Ellen shook her head. “You know I can’t answer that for you. That’s between you and your heart.”

Lyta looked down at the table.

“I will say this, though. You met this guy, what, two weeks ago? Three?”

Lyta nodded, still not looking up. “Something like that.”

“Right. Look, Lyta sweetie, if he was your husband, or your boyfriend, or someone like—“ She stopped herself. Lyta could practically hear the unspoken end of the sentence, ‘someone like Ti.’ But she changed tack and continued. “Someone like you wanted to build a life with, that’d be one thing. Plenty of men went off in the war with their women waitin’ for them back home. But this ain’t like that. Nothin’ happened with this Allan guy yet as far as I know. You’re young, and you deserve to be happy. Everyone who knows you, we all say that. Me, your brothers, even the guy on the train you just left. You can’t build your life on ‘what ifs.’ He comes back and you want to pick up where you left off, more power to you both. But puttin’ your life on hold… I don’t think that’s what he wants for you.”

Lyta tried to take it all in. “But he’s still in love with me,” she said softly.

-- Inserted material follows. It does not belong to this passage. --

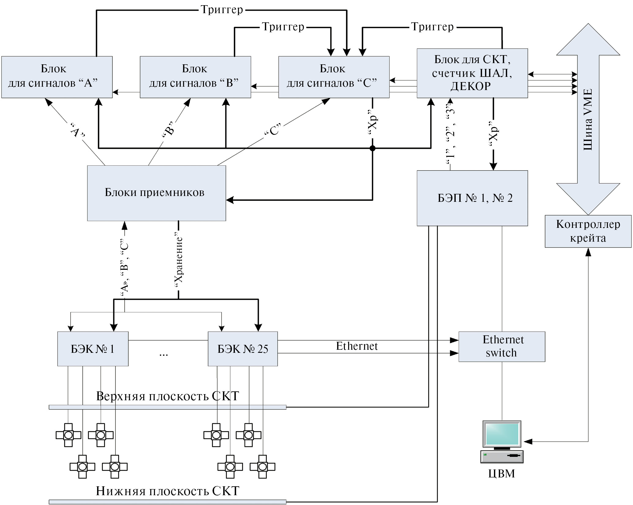 Сигнал “Хранение” блок СКТ получает из блока “С” и передает его в БЭП. При получении сигнала “Хранение” модули АЦП всех БЭК и БЭП проводят полную оцифровку зарегистрированных сигналов и передают оцифрованные данные на процессорные платы, которые пересылают их по линии связи Ethernet на центральную ЭВМ.
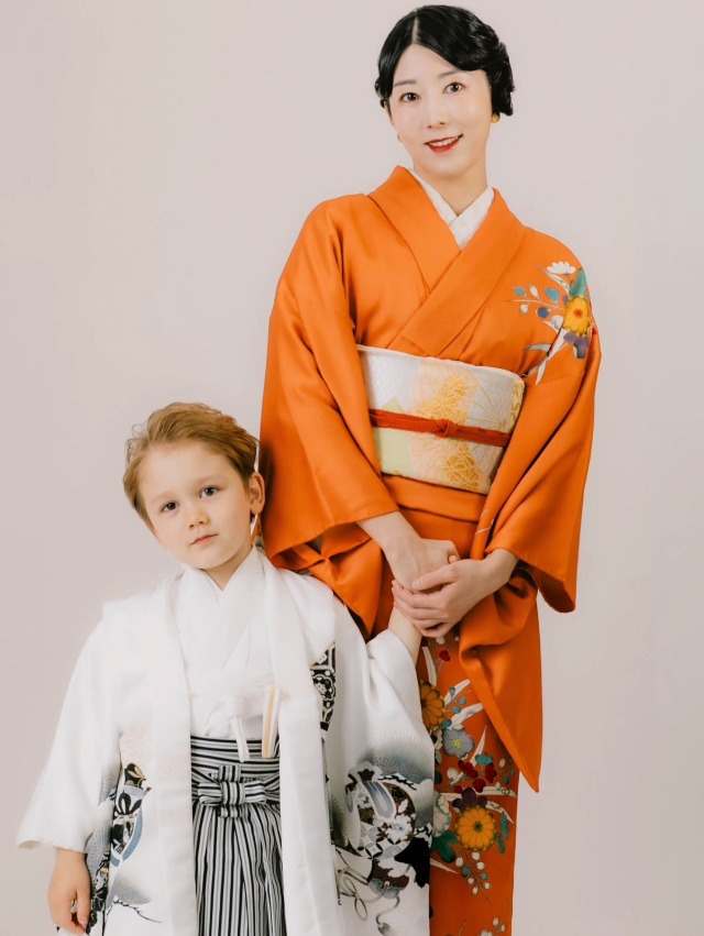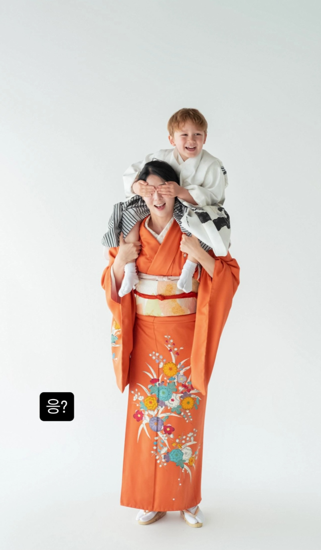 젠은 화이트 계열 기모노를 입고 장난기 가득한 표정을 짓고 있다. 순수와 시작을 상징하는 색감은 아이의 존재감을 더욱 강조하고, 사유리는 그 옆에서 한 발 물러난 듯한 자세로 아이를 감싸 안는다. 사진 속 구도 자체가 ‘설명하지 않는 가족의 형태’를 보여준다.

“Yeah, I expect he is. But he’s a big boy, and he knows the risks of the job as well as you. You wanna wait for him, well, that’s between you and your heart, like I said. But don’t do it ‘cause it’s what you think he wants you to do. If you wait, you do it for you.”

Lyta turned to look out the window of the train. The landscape slipped past, windswept and sandy, as cloudy as her thoughts. Just once, she wished something in her life would go smooth. But it probably wasn’t going to be today. “Yeah,” she said softly. “For me.”